Organizers wanted the gathering to be more meditative so there was no chanting or shouting. Katrina Coravos of Bolton traveled to Standing Rock in August and stayed there for two months.   “There’s just something that’s really powerful about that land and it was one of the most beautiful places I’ve ever been.  We saw eagles pretty much every day.  And the sunsets and the sunrises there were just one of the most phenomenal things I’ve ever seen.  It’s beautiful land.  It’s sacred land.  It’s beauty.”

Retired Episcopal Priest Linda Maloney was wearing Lakota beadwork. She notes that Vermont’s presiding Bishop has visited Standing Rock and the church stands with the tribe.   “Indigenous people have been leaders for generations in drawing our attention to the violation of Mother Earth. Why don’t we listen?

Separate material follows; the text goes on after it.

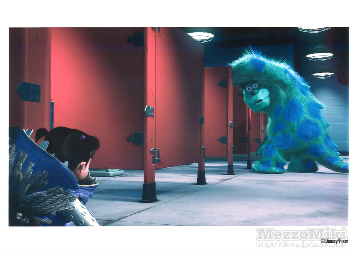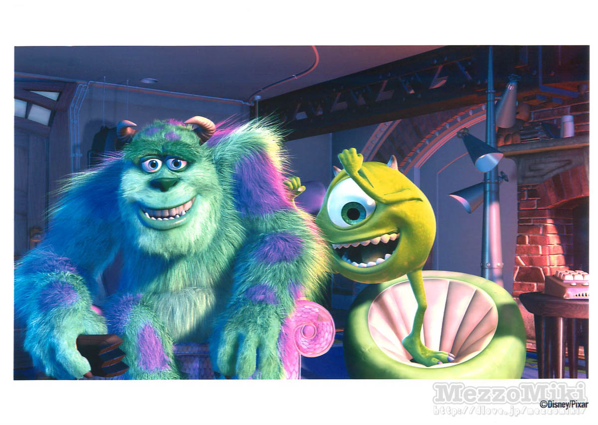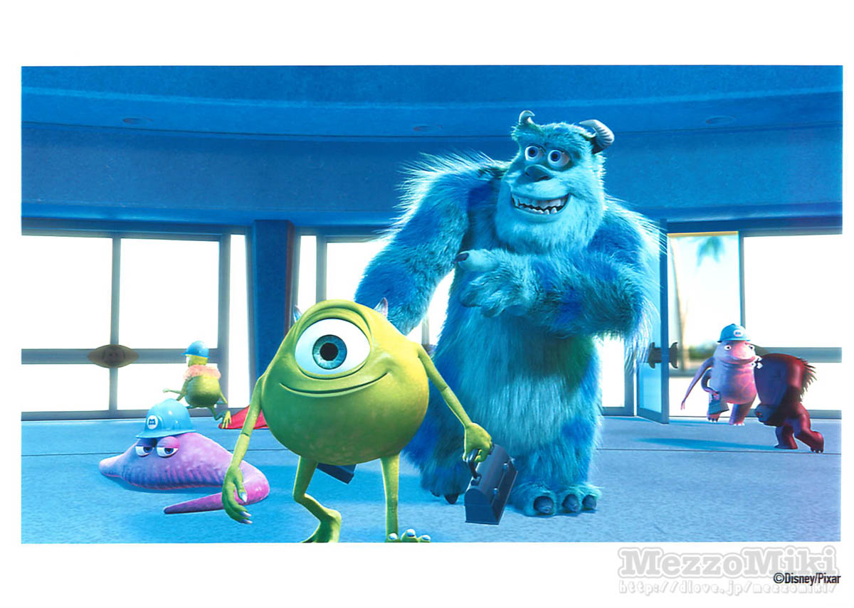 主人公の「サリー」と「マイク・ワゾウスキ」がモンスターズ・インクに出社している2ショット。

The Army Corps of Engineers granted permits for the pipeline in July but on Monday called for more study and input from the Standing Rock Sioux.   The tribe called the decision encouraging. The company building the pipeline, Energy Transfer Partners, is asking a District Court in Washington, D.C., to confirm the company has the legal right to proceed.

Later in the day, activists gathered at the statehouse in Montpelier.  On Wednesday members of Rights and Democracy Vermont will deliver a letter and close their accounts at TD Bank to protest the financial institution’s investment in the Dakota Access Pipeline.

A spokesman for the U.S. Army Corps’ regional office noted that each district is autonomous regarding regulatory authority and the New England office had nothing to do with the Standing Rock permits.  In the statement from national headquarters, the Corps urges protesters to “adhere to the principles of nonviolence.”